Für uns Fachkräfte stand und steht dabei etwas sehr stark im Fokus: Alle Kinder fühlen sich mit ihrer Familienkultur im Kindergarten willkommen, alle Eltern können sich einbringen. Vor allem aber ist es uns ein Anliegen, den Fokus auf die Familienkultur zu legen und kulturelle Zuschreibungen zu vermeiden. Unter Familienkultur wird „das jeweils einzigartige Mosaik aus Gewohnheiten, Deutungsmustern, Werten und Normen, Traditionen und Perspektiven einer Familie (...)“ (vgl. Kinderwelten) verstanden. Es ist also ein Tee-Ritual, das in den Familien von Lina und Elias begangen wird und nicht in allen „arabischen Familien“. Eine „Tradition“ der Familie, die ihren Ursprung in gewissem Maße auch im Herkunftsland der Mutter hat, aber die Reduzierung darauf würde außen vor lassen, dass die Familie ja noch von vielen anderen Einflüssen geprägt wurde.

In Gesprächen mit Kindern ist es uns deshalb auch ein Anliegen, Gemeinsamkeiten zu finden, so zum Beispiel wurde während der Zubereitung des Tees deutlich, dass in vielen Familien Tee getrunken wird und in fast jeder Familie andere Dinge dabei von Bedeutung sind.

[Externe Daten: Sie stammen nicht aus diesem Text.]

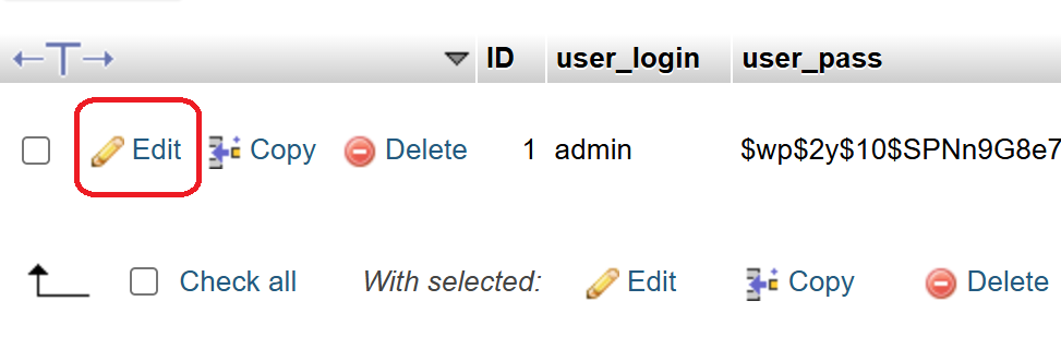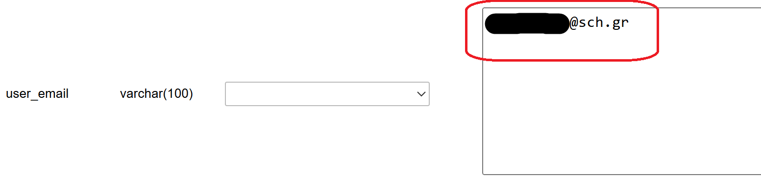 Το PhpMyAdmin θα ανοίξει τώρα τη γραμμή χρήστη σε μια φόρμα. Μπορείτε να εισάγετε τη νέα διεύθυνση ηλεκτρονικού ταχυδρομείου στο πεδίο user_email.
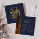 Burnt Orange Gold Agate Navy Wedding QR Code RSVP Enclosure Card
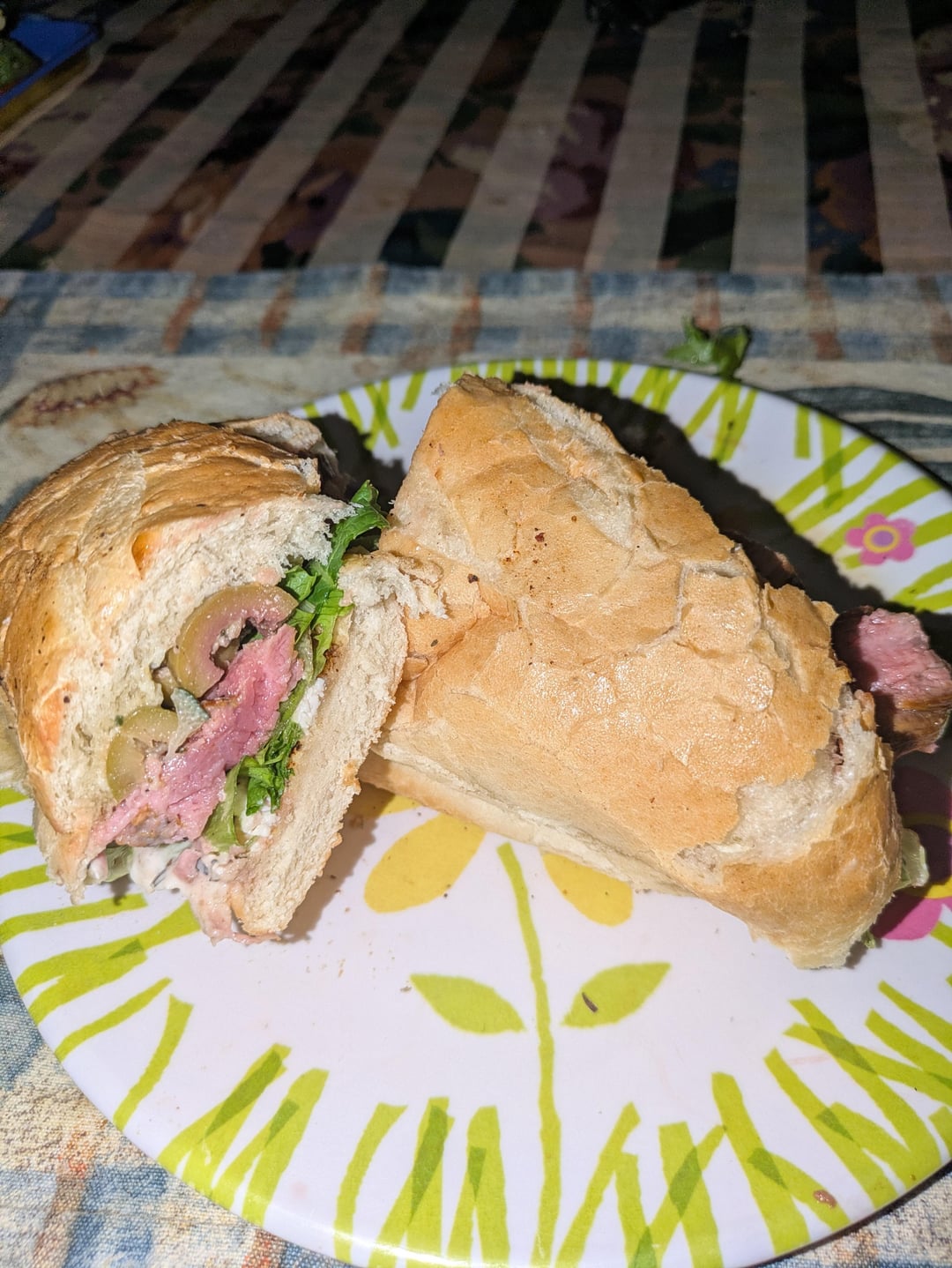 Dinner: steak sandwich ( a little feta, arugula, light tzatziki, olives, cucumber, flank steak, bread-260) – 590
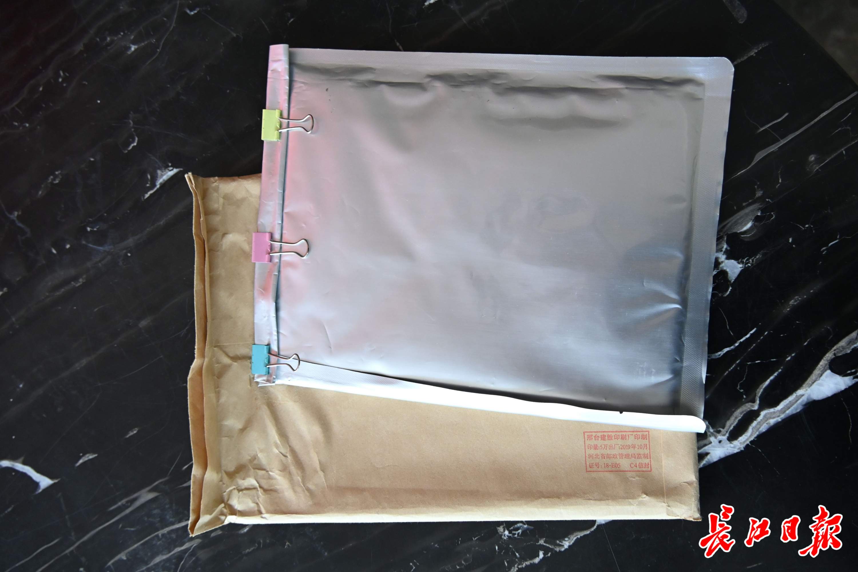 季关运将食谱保存在锡纸袋里,又用牛皮信封装好。 记者郝天娇 摄
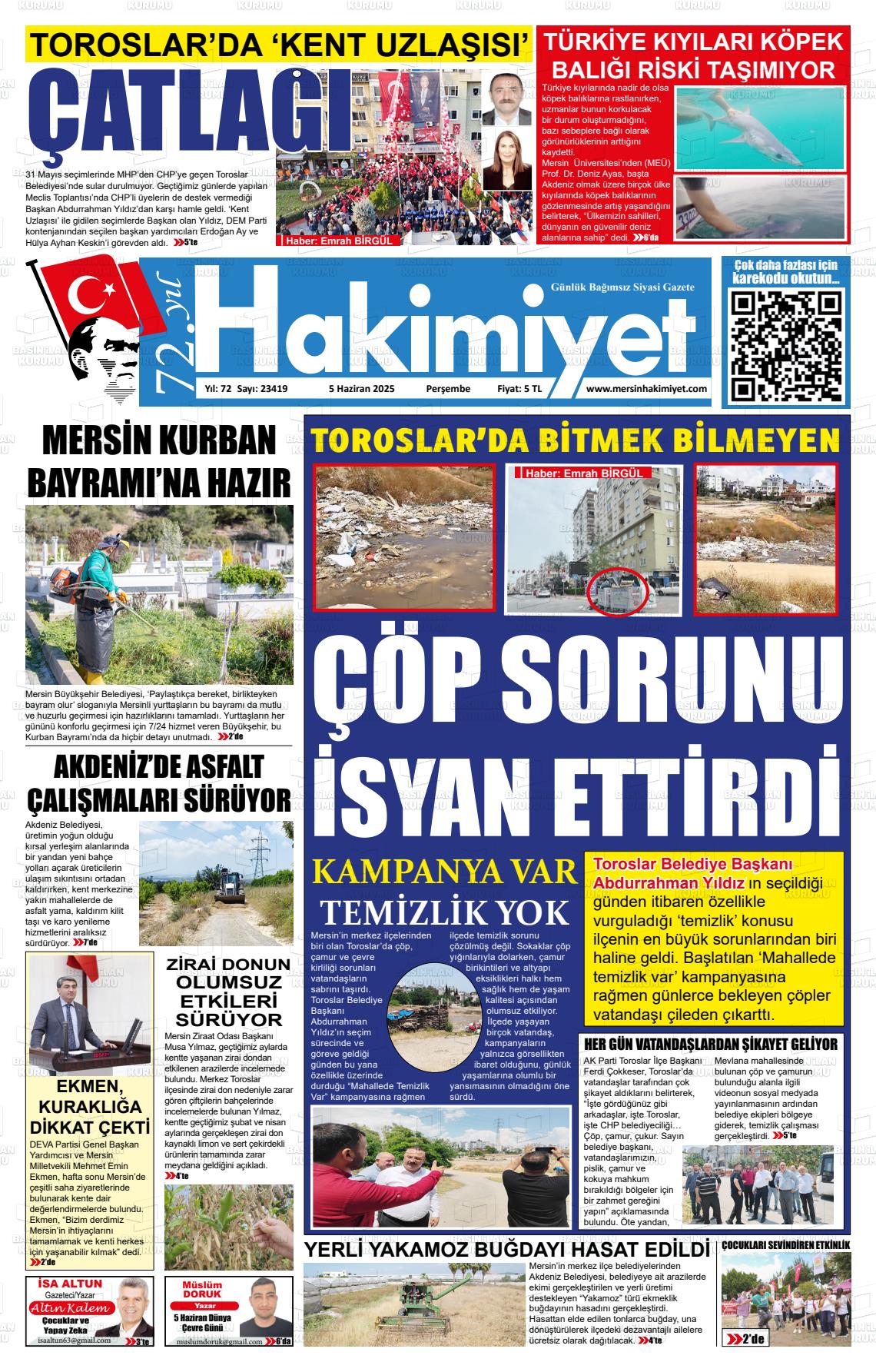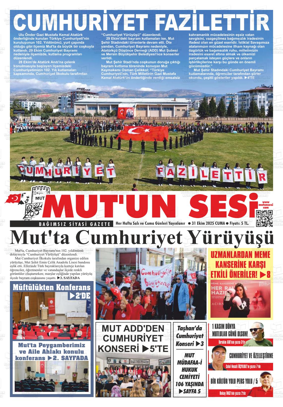 Mersİn Yerel Gazeteleri 31 Ekim 2025, Cuma Günü Manşeti
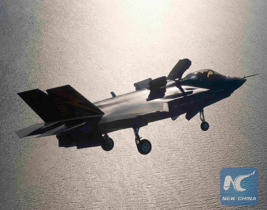 A F-35 fighter jet prepares for landing with its life fan cover deployed over Patuxent River Naval Air Station, Maryland in this undated handout image. (Xinhua/REUTERS)
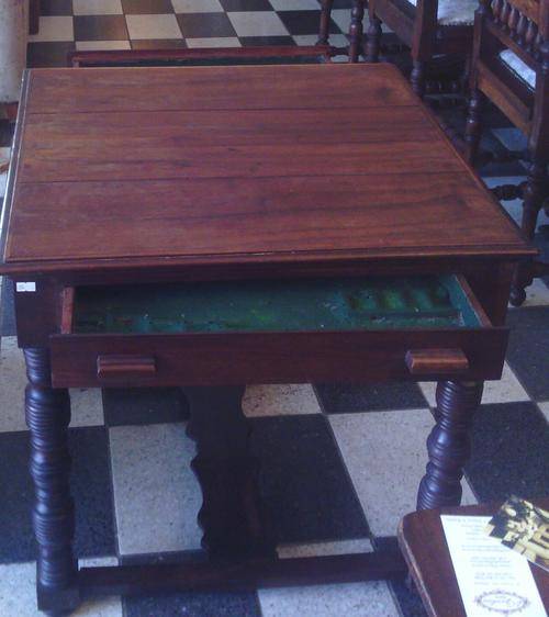 A very rare  square stinkwood games table, in a very good condition, with two drawers on sides.
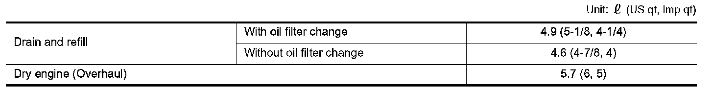 ENGINE OIL CAPACITY (APPROXIMATE)
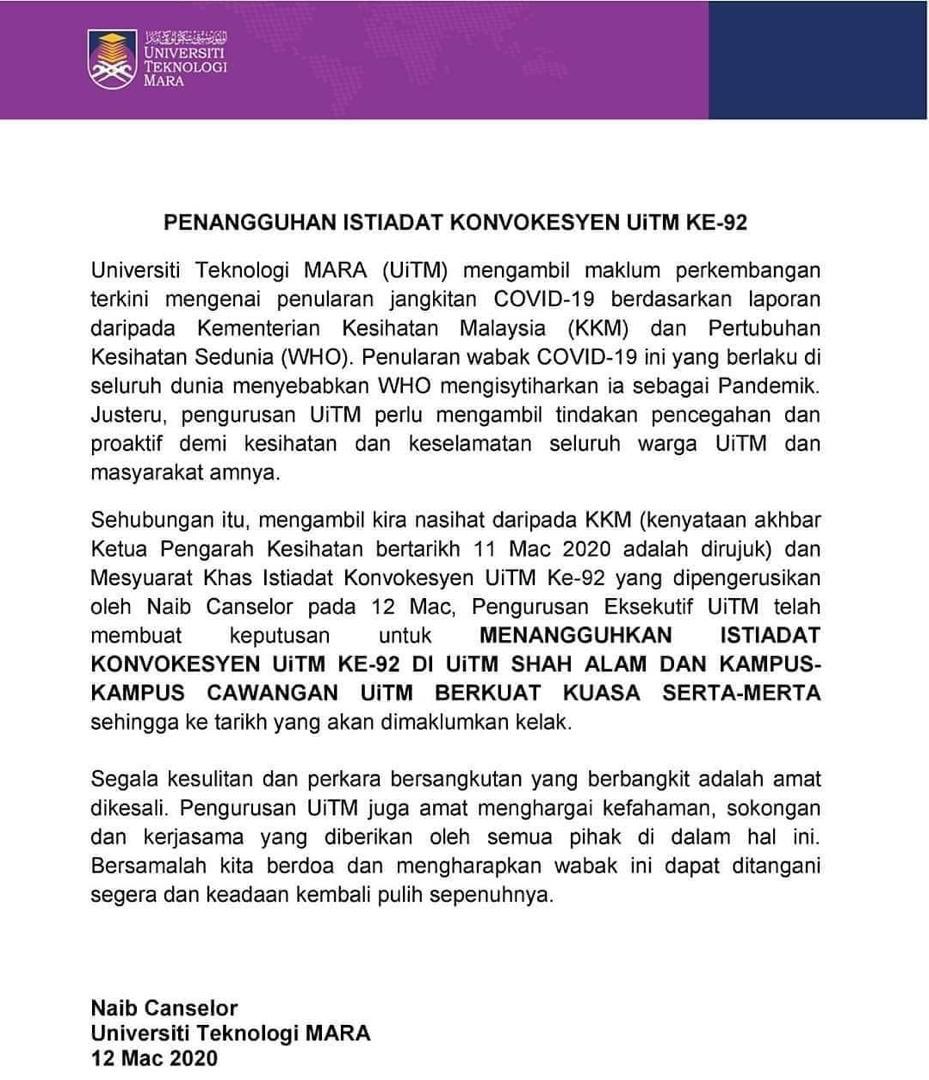 Uitm Official On Twitter Penangguhan Istiadat Konvokesyen Uitm Ke 92 Konvouitm92 Cegahcovid19 Kitauitm Uitmdihatiku Https T Co Npftq9ptrj Twitter
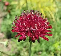 Knautia macedonica, the Macedonian scabious, is a species of flowering plant in the family Caprifoliaceae, native to Southeastern Europe - Albania, Bulgaria, Greece, North Macedonia, southeastern Romania and Kırklareli in Turkey.[1] Growing to 75 cm (30 in), this herbaceous perennial produces rich red "pincushion" flowers, similar to those of its close relative scabious (Scabiosa), on slender upright stems throughout summer.[2]
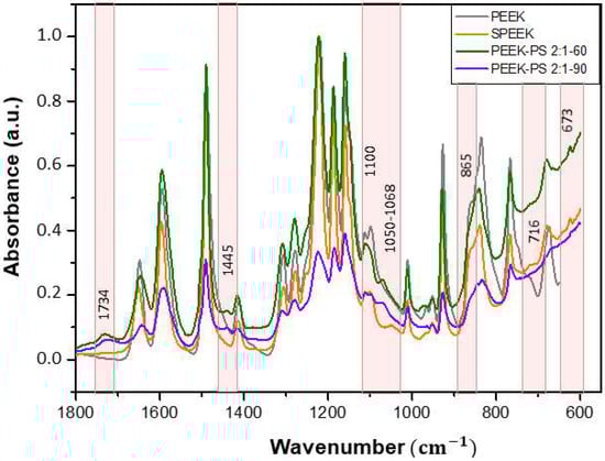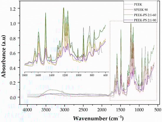 Comparative FTIR spectra of PEEK, SPEEK 90, PEEK-PS 2:1-60, and PEEK-PS 2:1-90, showing an enlargement of the region of 1800 to 550 cm−1.
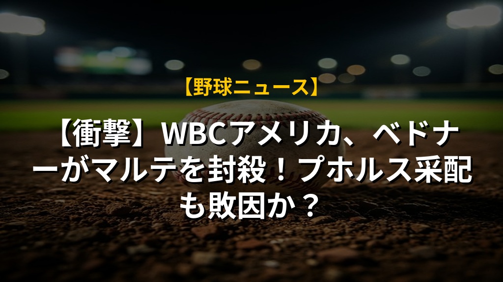 【衝撃】WBCアメリカ、ベドナーがマルテを封殺!プホルス采配も敗因か?
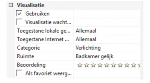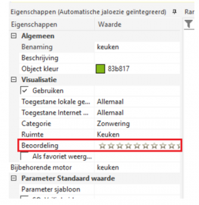 Onder het item “Visualisering” kunt u in het eigenschappenvenster bovendien een score toekennen (0-5 sterren). Deze score bepaalt welke objecten op het startscherm van de visualisering worden weergegeven.
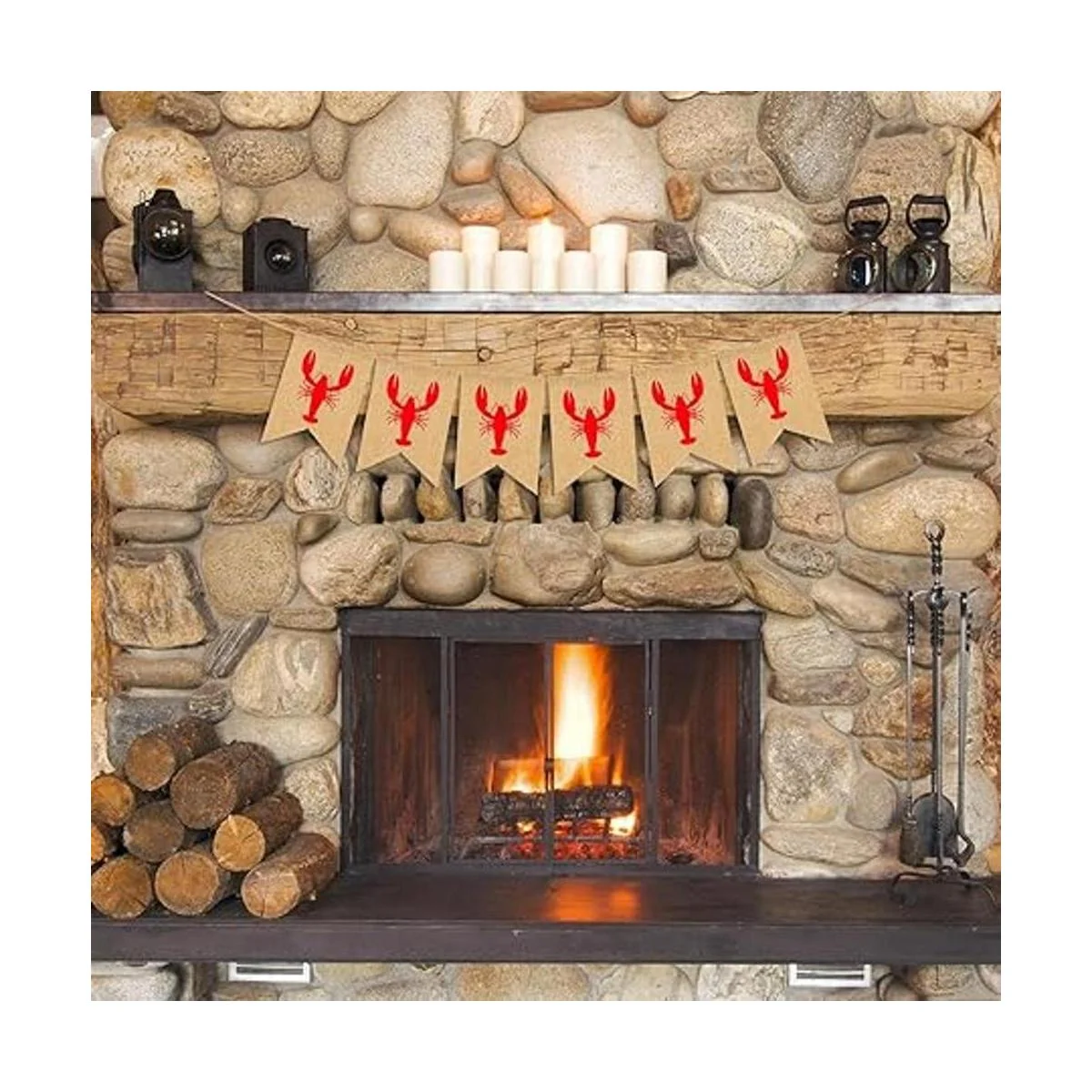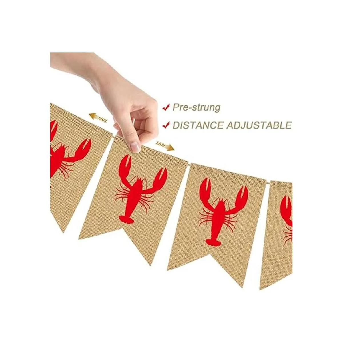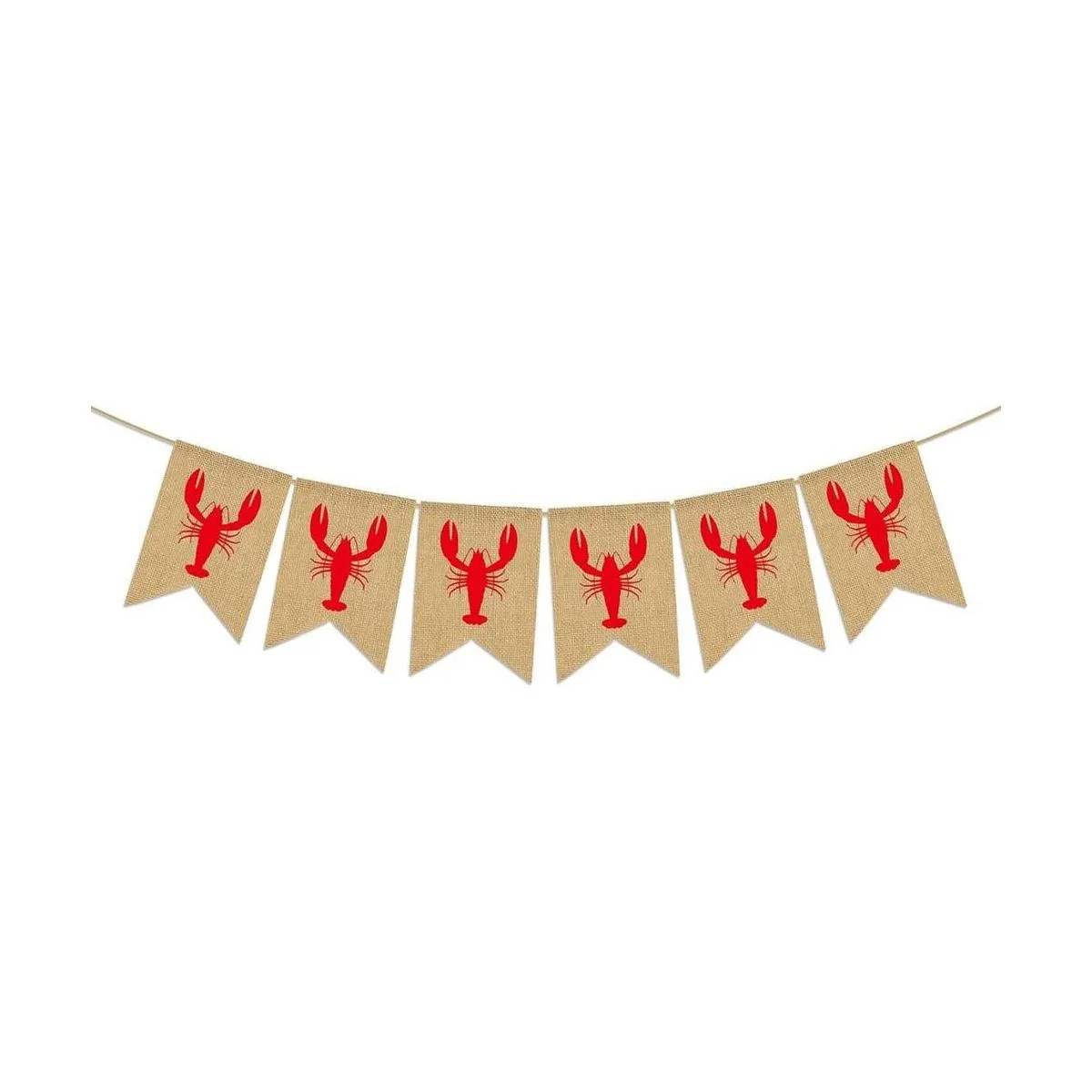 Pudodo Bandera rústica de arpillera de yute con langosta de verano, fiesta de cumpleaños, manto de chimenea

So war es zum Beispiel in der einen Familie wichtig, Orangen zu pressen und den Saft zum Tee zu geben, in anderen Familien war Honig wichtig und Zucker im Tee tabu. So wird deutlich, dass die Vielfalt des Teezubereitens nicht an „Nationalitäten“ festgemacht werden kann, sondern es innerhalb einer Kindergruppe unzählige Varianten geben kann. Das ist die Vielfalt an Familienkulturen.